If you are happy with triple play at a reduced price then give yourself a bravo for your effort/success.

I believe that if you purchase smart phones without a data plan (not Comcast's business), wi-fi will work in your own home and in Comcast hotspots to make and receive calls and access the internet using the Comcast app on the phones.

You will need wi-fi capability at home. You will pay more for the phones without any data plans. Try for advice at Best Buy or similar where they carry all brands and all providers.


----------



## Fix'n it (Mar 12, 2012)

yeah, i guess i am happy enough, for now anyway.

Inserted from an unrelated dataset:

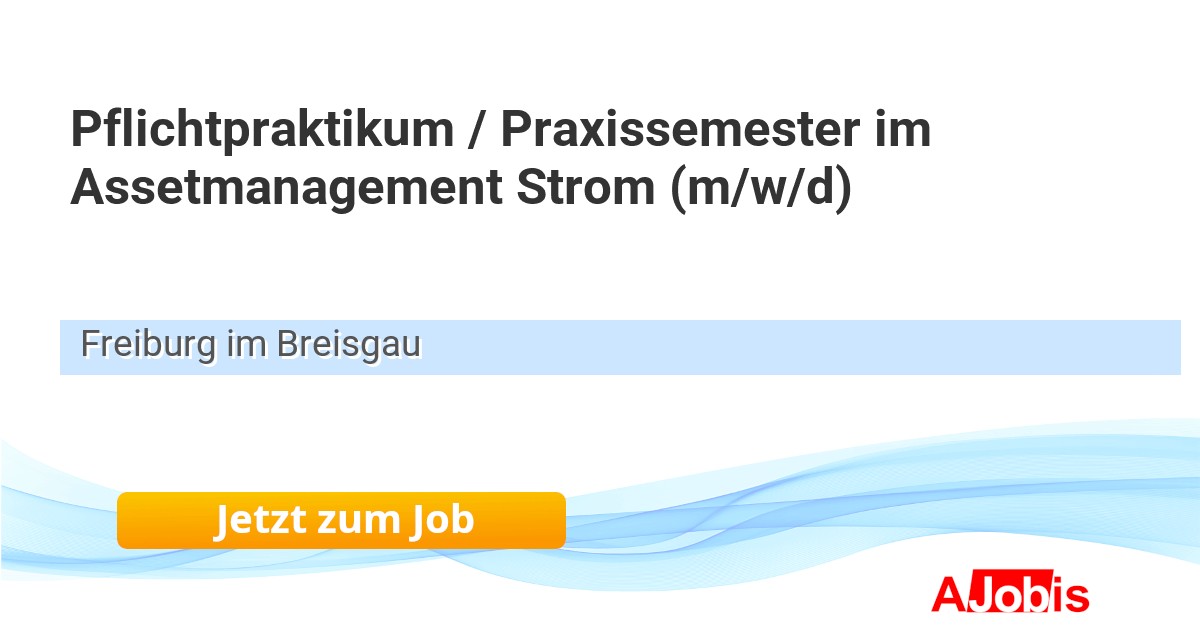 badenovaNETZE GmbH - Freiburg im Breisgau [06.11.2025] --Der beste Energie- und Umweltdienstleister in Baden-Württemberg zu sein – das ist unser Anspruch. Diesen Anspruch können wir nur dank kompetenter und engagierter Mitarbeiter (m/w/d) erfüllen. Wir bieten ein Pflichtpraktikum / Praxissemester im Assetmanagement Strom... |

i was thinking. i know i could make calls and internet on wifi. i am unsure how well, if at all i could receive calls. and i doubt i could drive and use it at all. idk


----------



## getrex (Sep 14, 2016)

There isn't much point in using them for calls without a plan, but you can get an app like WhatsApp for that. Your real problem is that any phone decent enough to take advantage of your mobile streaming would be at least... $500 each? Not sure since I haven't looked into it recently.


----------



## Fix'n it (Mar 12, 2012)

well, everyone has different needs. so "what i need", idk, but i don't think its much as i am getting by just fine without it. and i am learning this stuff, there is A LOT to learn. so i am going to go easy on it. i think right now the thing to do is get a modem.


----------



## getrex (Sep 14, 2016)

Have fun!


----------



## Dave Sal (Dec 20, 2012)

I was renting a cable modem from Comcast for years and years. Probably gave them at least $1k over that time period. Last June I bought one of these and stopped paying the monthly rental fee. Works perfectly.

https://www.amazon.com/Motorola-Cable-Modem-MB7220-DOCSIS/dp/B019ZY1ZWS


----------